Royal Bank of Pennsylvania v. Selig, 434 Pa. Super. 537, 644 A.2d 741, 744 (1994) (Citations omitted). And, the Uniform Commercial Code has been interpreted as not modifying or suspending that aspect of the common law granting "a bank . . . a general lien upon or right of set-off against all money or funds in its possession belonging to a depositor to secure the payment of the depositor's indebtedness to it. . . ." Id. (Citation omitted). Nor has the Uniform Commercial Code been held applicable to set-offs, especially since Section 9104 excludes "any right of set-off" from its coverage. 13 Pa.C.S.A. § 9104 (9); see also Citibank (New York State), N.A. v. Interfirst Bank, 784 F.2d 619, 621 (5th Cir. 1986); Republican Valley Bank v. Security State Bank, 229 Neb. 339, 426 N.W.2d 529, 531 (1988); but see Credit Alliance Corp. v. National Bank of Georgia, 718 F. Supp. 954 (N.D.Ga. 1989); Citizens National Bank of Whitley County v. Mid-States Development Co., 177 Ind. App. 548, 380 N.E.2d 1243 (1978).
Consistent with the common law right of set-off in this Commonwealth, which is intact and not superseded by the adoption of the Uniform Commercial Code, we find that Article 9 of the Code does not dictate the analysis to be applied in deciding the priority scheme between a security interest and a set-off in the same collateral. Rather, we hold that where a debtor's interest is amenable to set-off, the security interest is limited to the extent that the debtor's obligation to the bank asserting set-off exceeds the value of the non-negotiable instrument (here the CD). Where, however, no asset remains to which the security interest may attach, the holder of the perfected security interest collects nothing.
Applying the preceding rationale here, we observe that the Adlers were indebted to CCNB, at the time the $130,000.00 CD was issued, in the amount of $1,706,337.52. See Affidavit of John J. Cosgrove, Assistant Vice-President of CCNB ("note no. 9202 on November 28, 1990, . . . a demand obligation"). With the "demand obligation" exceeding the value of the CD held by CCNB, the Adlers' obligation had matured. See Aarons, supra; Selig, supra; Answer with New Matter of CCNB Bank, N.A., to Plaintiff's Complaint, Paragraphs 17, 23-25, 29, 38, 50 52; and compare with In re Petragalia, 156 B.R. 474 (1993).

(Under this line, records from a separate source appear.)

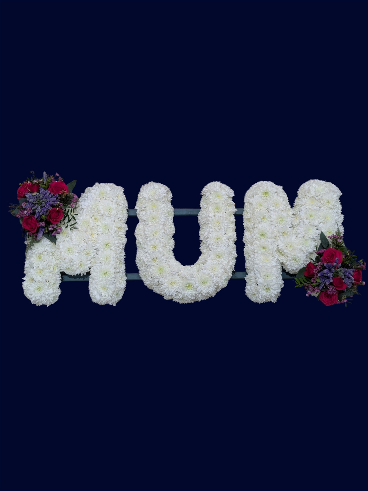 A deeply personal floral tribute, Mum is designed to honour a mother with love, gentleness and grace. Crafted in classic white chrysanthemums, the letters form a timeless expression of devotion and remembrance.
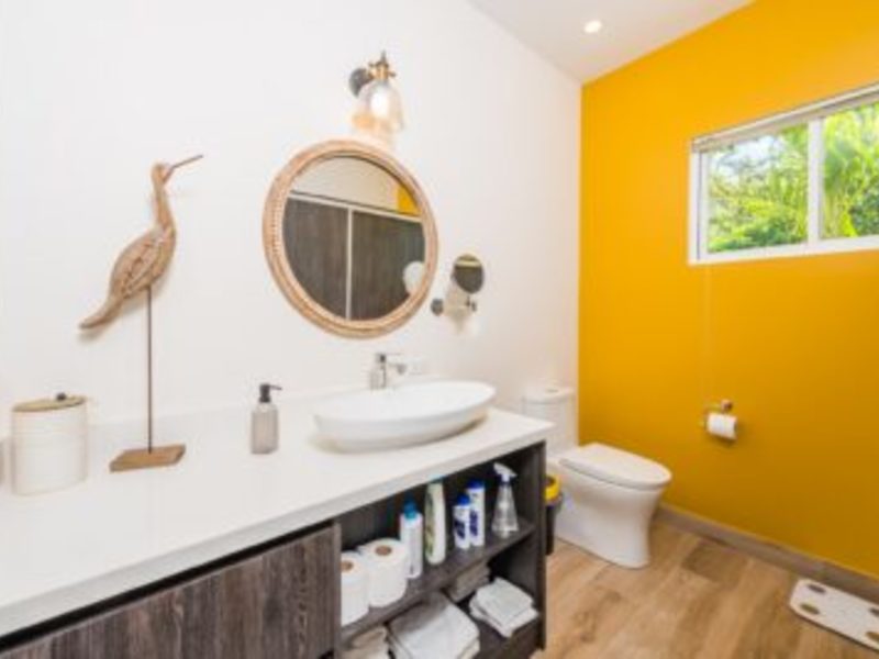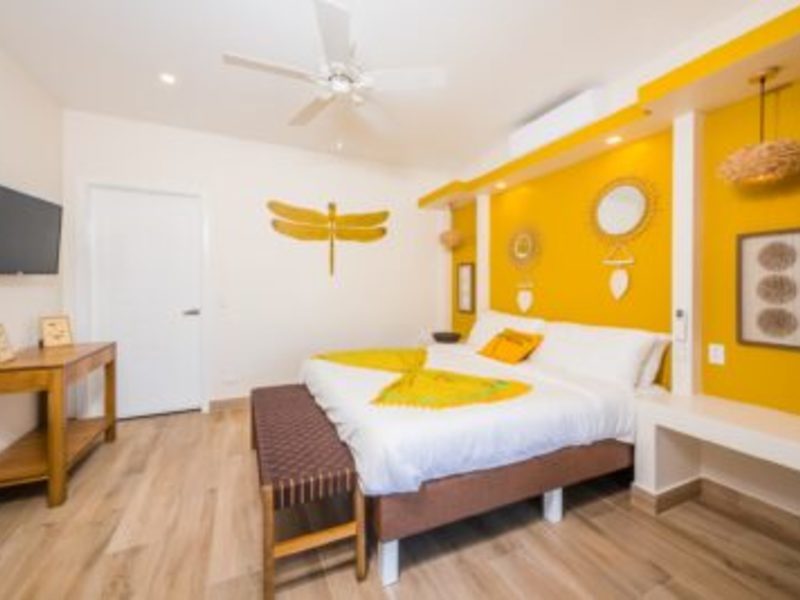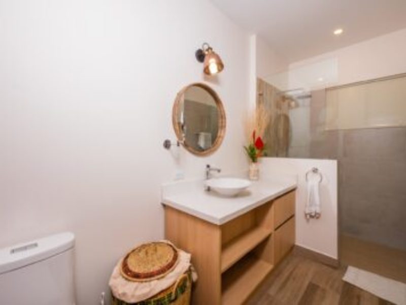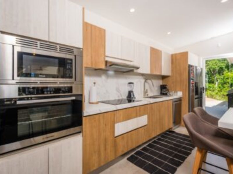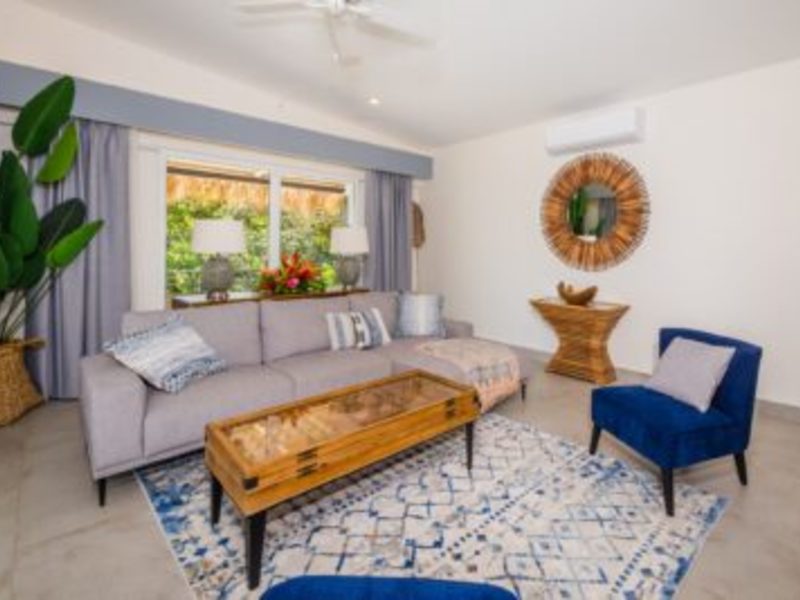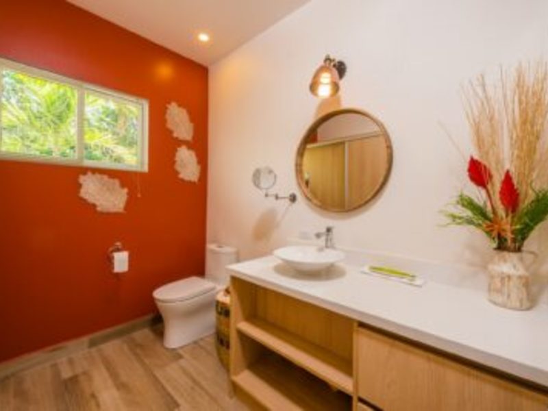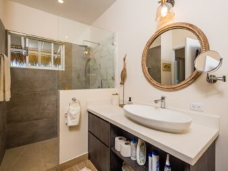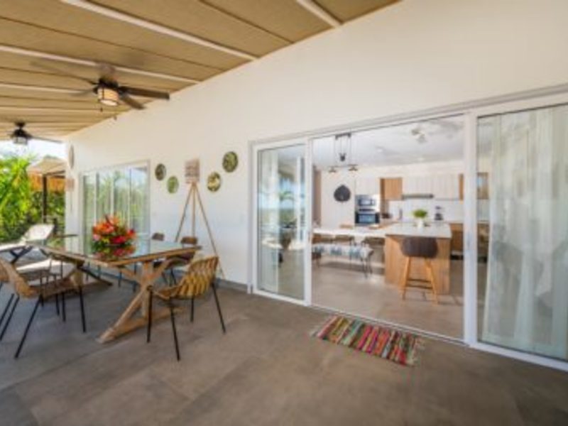 Each of the 3 bedrooms opens onto a large wrap-around covered terrace and the pool, ensuring that relaxation is always just a step away. Every bedroom features a king bed, beautiful decor, and its en suite bathroom. Additionally, the third bedroom offers a bonus 4th bedroom with bunk beds, sharing the bathroom with bedroom #3.
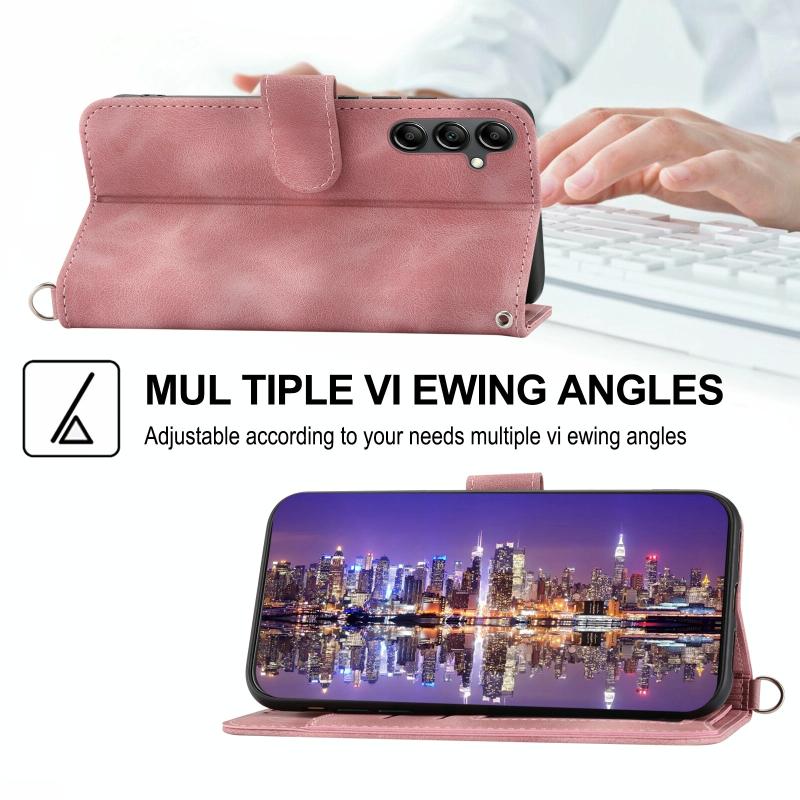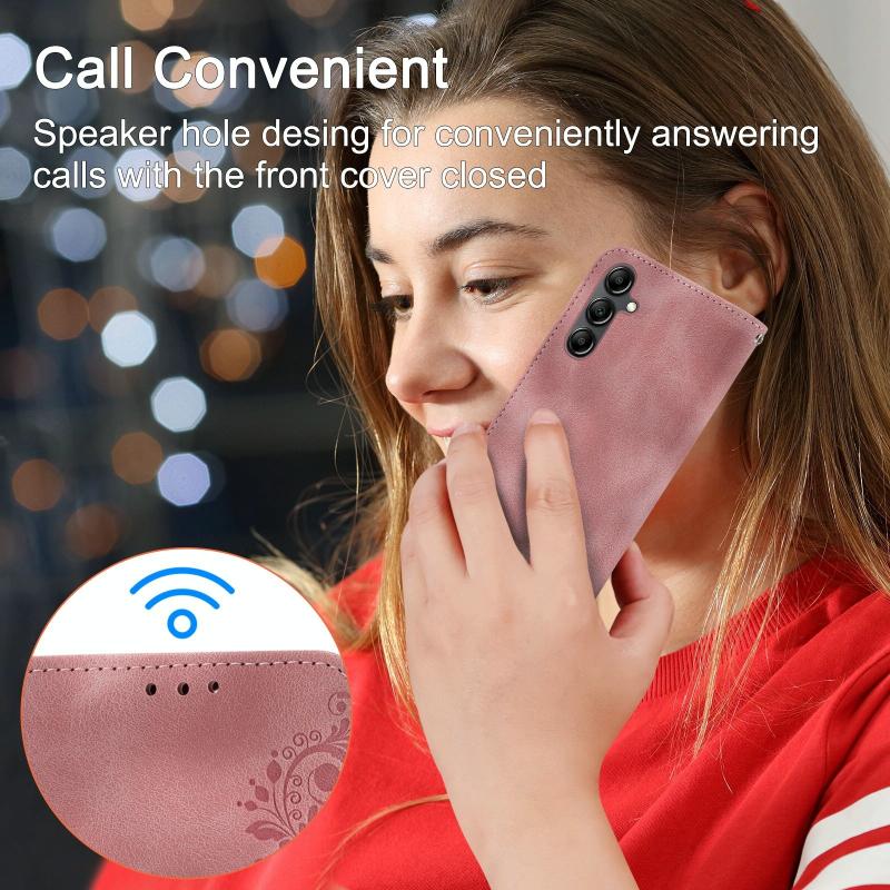 Θήκη τηλεφώνου Samsung Galaxy A34 με υφή δέρματος, ανάγλυφα λουλούδια και πορτοφόλι (ρόζ)
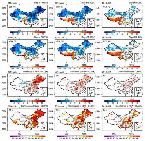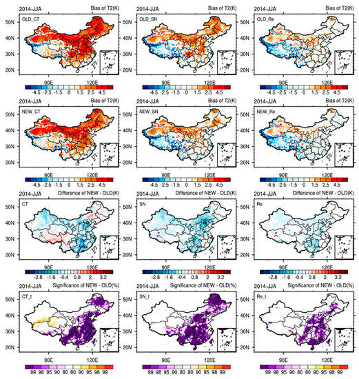 Bias distribution of the daily averaged temperature (T2) in summer 2014. The first row (continuous integration (CT), spectral nudging (SN), and re-initialization (Re); OLD_CT, OLD_SN, OLD_Re) contains the OLD group, the second row (NEW_CT, NEW_SN, NEW_Re) contains the NEW group. The third row (CT, SN, Re) is the difference between simulation of NEW and OLD group. The last row (CT_t, SN_t, Re_t) is the statistical significance of the difference between NEW and OLD group for each grid 92-day simulations of temperature correspond to CT, SN, and Re, respectively. The left (OLD_CT, NEW_CT, CT), middle (OLD_SN, NEW_SN, SN), and right (OLD_Re, NEW_Re, Re) columns correspond to the CT, SN, and Re simulations, respectively.
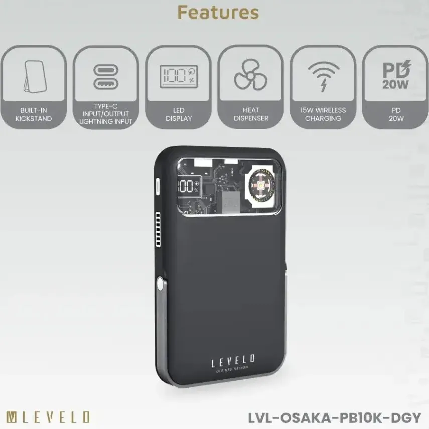 مدل Osaka با ظرفیت ۱۰,۰۰۰ میلیآمپر ساعت، مناسب برای شارژ دو تا سهبارهی گوشیهای هوشمند در طول روز است. این پاوربانک دارای دو درگاه خروجی USB-A و یک درگاه ورودی/خروجی USB-C است که امکان شارژ همزمان چند دستگاه را فراهم میکند. توان خروجی ۲۲.۵ وات آن از شارژ سریع پشتیبانی میکند و با فناوریهای ایمنی داخلی، از دستگاهها در برابر نوسانات ولتاژ، اتصال کوتاه و گرمای بیش از حد محافظت میکند. بدنهی آن از جنس ABS + PC مقاوم در برابر ضربه و خطوخش ساخته شده و طراحی باریک آن حملونقل را آسانتر کرده است. نشانگر LED میزان شارژ باقیمانده را نمایش میدهد و این مدل برای استفاده روزمره، سفر و محل کار گزینهای مطمئن و کاربردی است.

The fact that CCNB chose not to exercise the right of set-off at the time the Adlers' debt exceeded the CD does not prejudice the bank's right of set-off. "The bank's right of set-off amounted to no more than an open-ended credit arrangement." Pittsburgh National Bank v. United States, 498 F. Supp. 101, 104 (W.D.Pa. 1980), aff'd, 657 F.2d 36 (3rd Cir. 1981). Therefore, the money on deposit with CCNB was under its sole control, which permitted it, at anytime, without notice to terminate this credit arrangement. And, because the Adlers' obligation to CCNB was evidenced by a "demand" note, CCNB's lien (by operation of law) automatically extinguished the Adlers' right to the CD.
At no time since the indebtedness matured could the Adlers have compelled CCNB under state law to deliver any of the CD money to them. Id. Thus, the Adlers had no property right in the account, and there was nothing to which their creditor/Pennsylvania National Bank Trust Co. could claim an interest. Id. Accordingly, the Adlers' execution of a promissory note, collateral pledge agreement and assignment neither created nor transferred any interest (legal or equitable) in the CD issued by CCNB once the Adlers' indebtedness exceeded the value of the CD. Aarons, supra; Selig, supra; Pittsburgh National Bank, supra. This imbalance existed prior to CCNB learning of the claimed interest of the appellant in the CD. Consequently, the appellant took nothing with the Adlers' security agreements professing a security interest in the CD.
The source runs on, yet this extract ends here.